Every utility needs a strategy for capturing that knowledge in structured, repeatable formats. That can include digitized field procedures, video walkthroughs, audio logs tagged by GPS location or systematic documentation of lessons learned in the field. This kind of "knowledge digitization" isn’t glamorous; it will take time and a lot of effort, but it’s foundational.
I've worked with utility contractors where retiring field techs conducted job site video walkthroughs with voice annotations explaining decision points. Once integrated into digital work management systems, those recordings became part of onboarding and quality control. It’s a modest investment with significant long-term value.
Managing a multigenerational workforce
I’ve seen firsthand how generational diversity plays out in the field. From seasoned line workers to digital-native recruits, every team member brings a different relationship with technology and a different mindset to the job. If leadership isn’t intentional, that diversity can lead to tension rather than strength.
Younger employees may be eager to leverage digital platforms but lack hands-on experience with complex restoration events. Older field techs bring judgment honed by decades of work but may be skeptical of newer systems. Bridging that divide takes more than issuing tablets.

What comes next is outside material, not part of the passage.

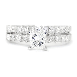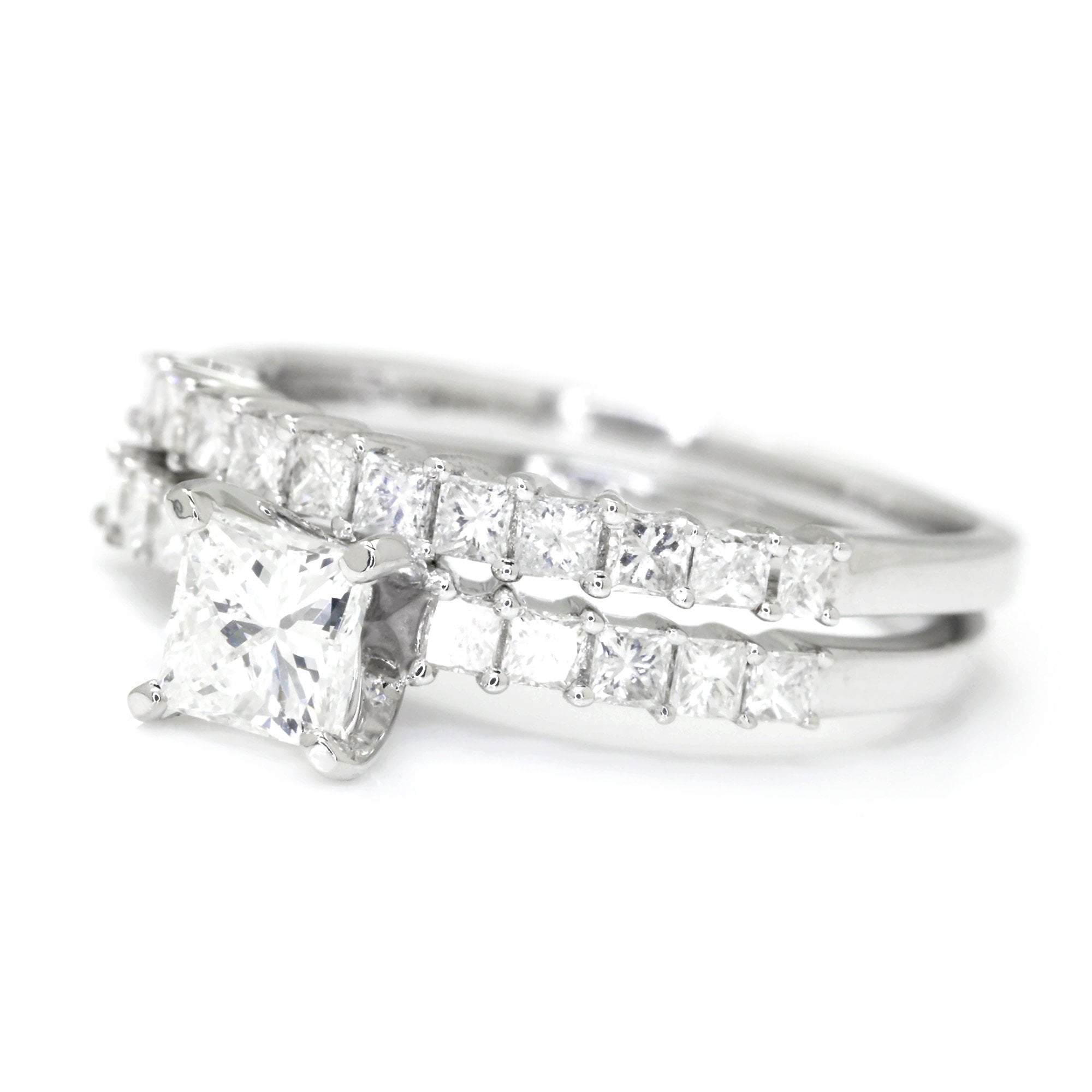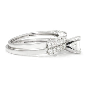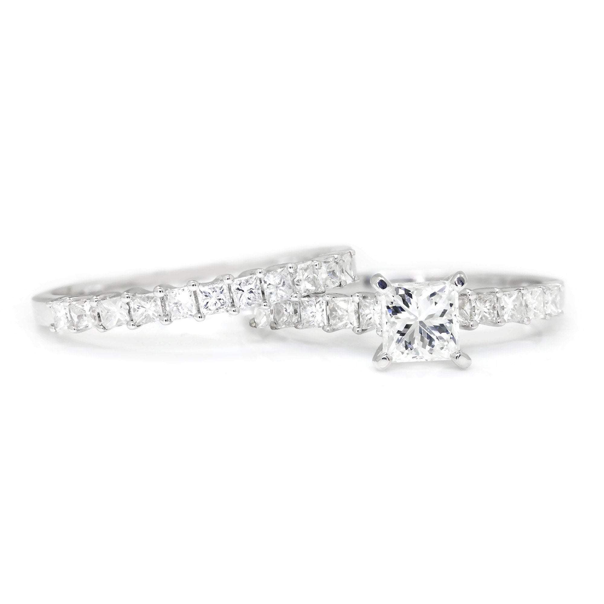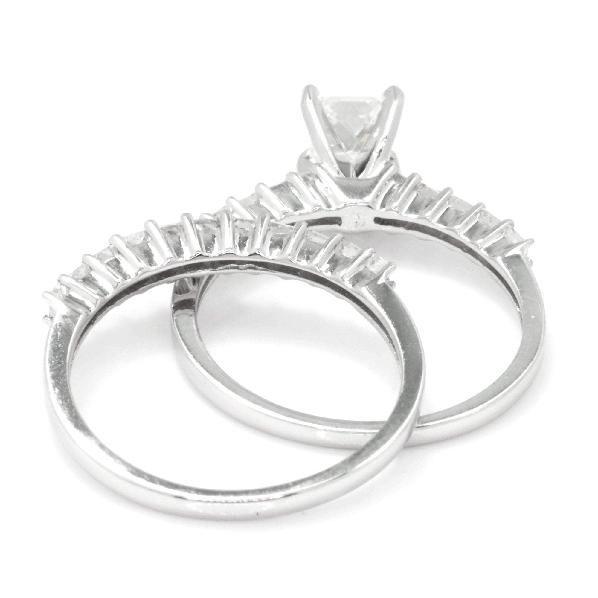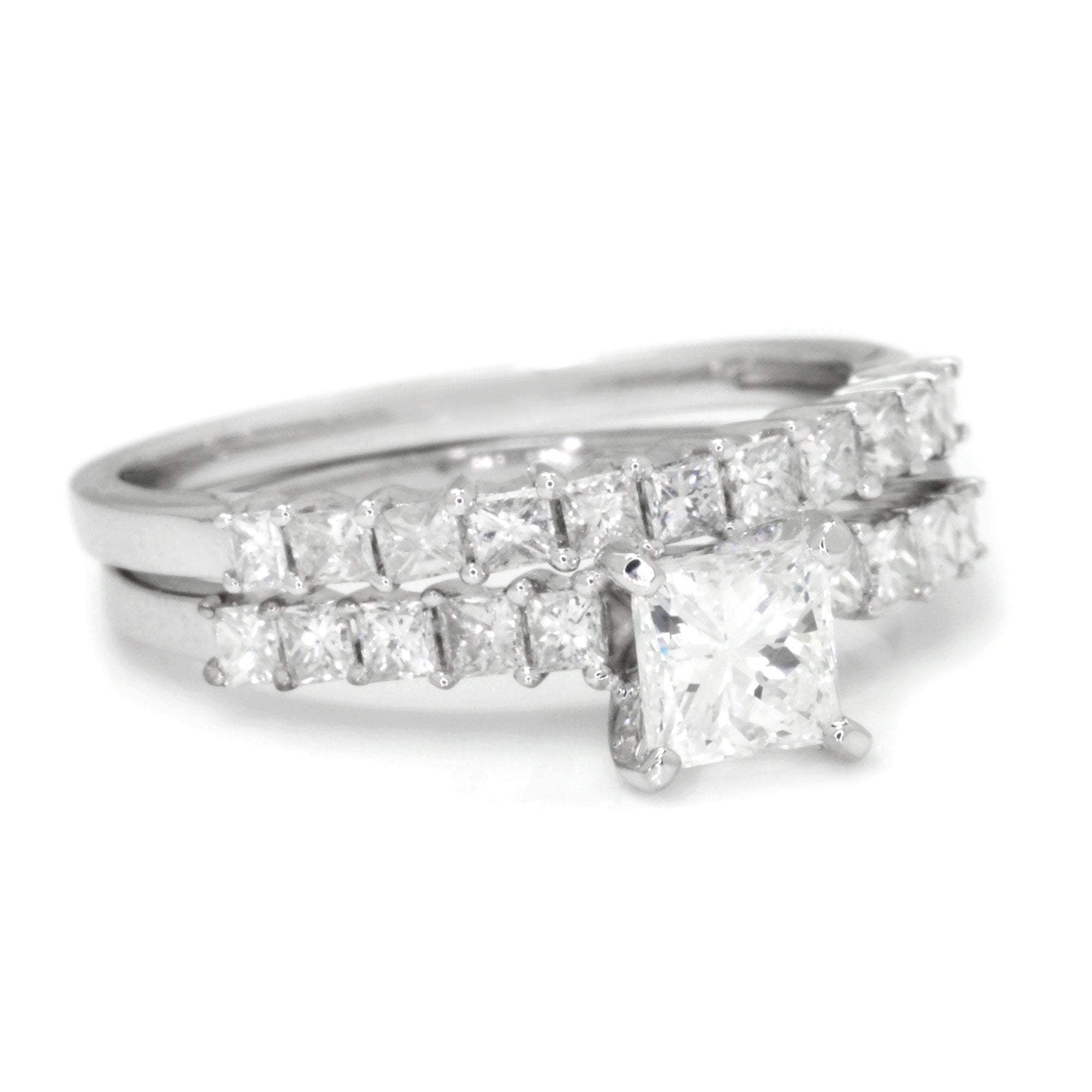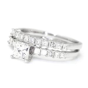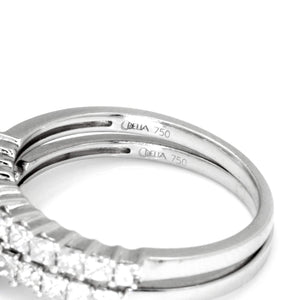 This diamond engagement ring set is for the princess cut diamond lover! The solid 18kt white gold ring set is made by New York jewelry design house Odelia who, for over two decades, has created unique and quality fine jewelry designs with a focus on bridal. The centerpiece of this classic set is a .51 carat natural princess cut diamond graded H in color and SI1 in clarity resting in durable 4-prong setting. It is accent by shared-prong set diamonds in both its own setting and the matching wedding band. The total accent diamond weight is .75 carats and they accent diamonds are all G-H and SI1. The set is a size 6 and we offer free resizing and Express shipping. This diamond bridal set is Brand New!

Cross-generational training teams, where digital-native engineers pair with seasoned field leads, are a simple but powerful tool. I’ve seen this model create mutual respect and increase the rate at which digital tools are adopted in the field. One experienced lineman, initially reluctant to adopt a digital inspection app, became its most vocal advocate after helping troubleshoot real-time issues and seeing how fast feedback reached planning teams.
Done well, multigenerational collaboration becomes a force multiplier. Everyone wants the same outcome: safety, reliability, and less rework. But alignment takes structure, and leadership must prioritize it.
The role of leadership and technology
Ultimately, preparing the utility workforce of tomorrow starts with a mindset. Technology can accelerate training, automate reporting and reduce human error. But it’s not a substitute for engaged leadership and frontline credibility.
The tools we implement, from AI-powered compliance platforms to remote asset inspection systems, must be designed with field crews in mind. That means intuitive interfaces, offline functionality and feedback loops that drive improvements. Otherwise, we risk adding complexity without improving results.
And leadership must stay close to the front lines. That doesn’t mean micromanaging; it means listening to what’s working and what’s not. It means getting out into the field and having multiple touch points with employees to better understand their needs and what’s working, and what’s not working. It means using data to spot gaps in performance or safety behavior and responding with support.
The challenges facing the utility workforce are real and urgent. But they can be tackled with the right focus and action. If we invest in the people who already know the grid, capture what they know and empower them with the right tools, we’ll build a bridge to the future that’s grounded in operational reality. If we ignore that opportunity, we’ll watch reliability erode while we scramble to reinvent what already worked.
We don’t need a workforce revolution; we need a workforce evolution. That starts with recognizing that in an industry built on long timelines, trust and resilience, the human element is still the most critical infrastructure we’ve got. Keeping the power on and employees safe is what we do, but we need to do both with operational discipline and excellence.